La menopausia es un proceso natural que indica un fin de ciclo en la vida de la mujer. Para la Federación Internacional de Ginecología y Obstetricia (FIGO) es la última hemorragia menstrual controlada por los ovarios, y se produce alrededor de los cincuenta años.
Los síntomas vasomotores o sofocos constituyen la manifestación clínica más característica. Estos síntomas que resultan molestos, en muchas ocasiones son la principal causa de consulta al ginecólogo, y se deben fundamentalmente a la primera reacción del organismo ante la ausencia de estrógenos.

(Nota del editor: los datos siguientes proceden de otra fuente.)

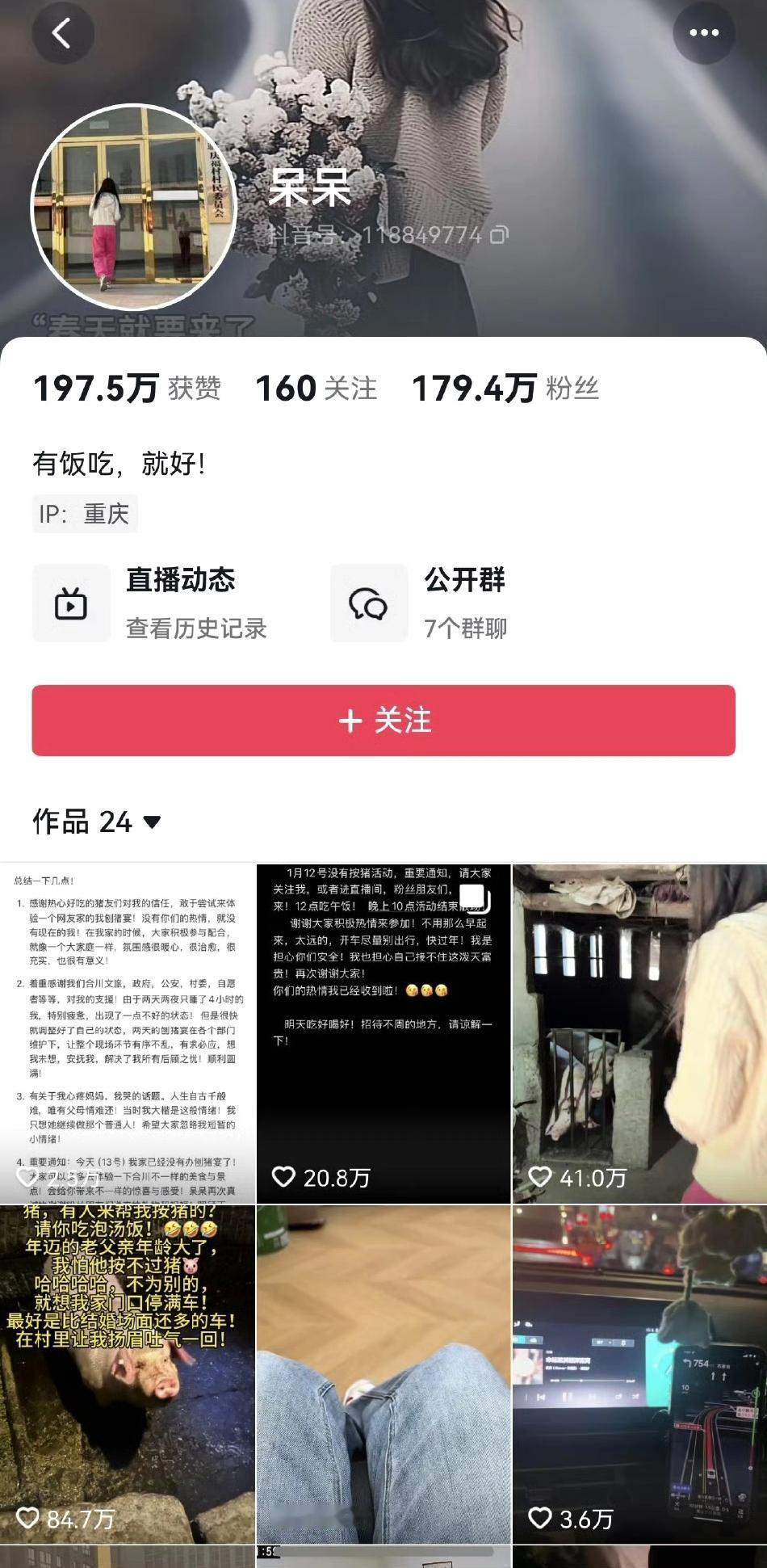 抖音又造神了,合川呆呆几天时间粉丝快破两百万了。 粉丝量坐火箭飙升比鸡排哥猛。 现在鸡排哥的热度下去了。 前段时间也有一个爱吃鸡蛋🥚的博主,热度也下去了。 合川呆呆妹 重庆网红呆呆 重庆呆呆姐 重庆女孩呆呆

Nutrición en la menopausia
Una de las cuestiones más importantes a tener en cuenta en esta etapa de la vida es la alimentación y las necesidades nutricionales. Hay que evitar la obesidad, la diabetes, la arterioesclerosis, la hipertensión y la silenciosa osteoporosis. Nutrición y menopausia es una relación que abarca varios aspectos.
Sabemos que una dieta deficiente puede ser causa de desnutrición, lo que conlleva a una disminución de calcio y por lo tanto la posibilidad de desarrollar osteoporosis.
El consumo exagerado de grasas saturadas y carbohidratos, conduce a un exceso de peso que puede inducir enfermedades cardiovasculares e hipertensión arterial. Finalmente, la falta de ejercicio o vida sedentaria, el consumo de tabaco, alcohol, cafeína y bebidas gaseosas, también contribuyen al deterioro del estado nutricional, con alteración de nutrientes esenciales.
En la menopausia y el climaterio se presenta privación estrogénica lo que lleva a una menor absorción de calcio (el 25%, cuando lo normal es que sea de 30-50%) y a una mayor excreción renal, debido a menor concentración de vitamina D, parathormona y estradiol, razón por la cual se disminuyen los niveles de calcio sérico.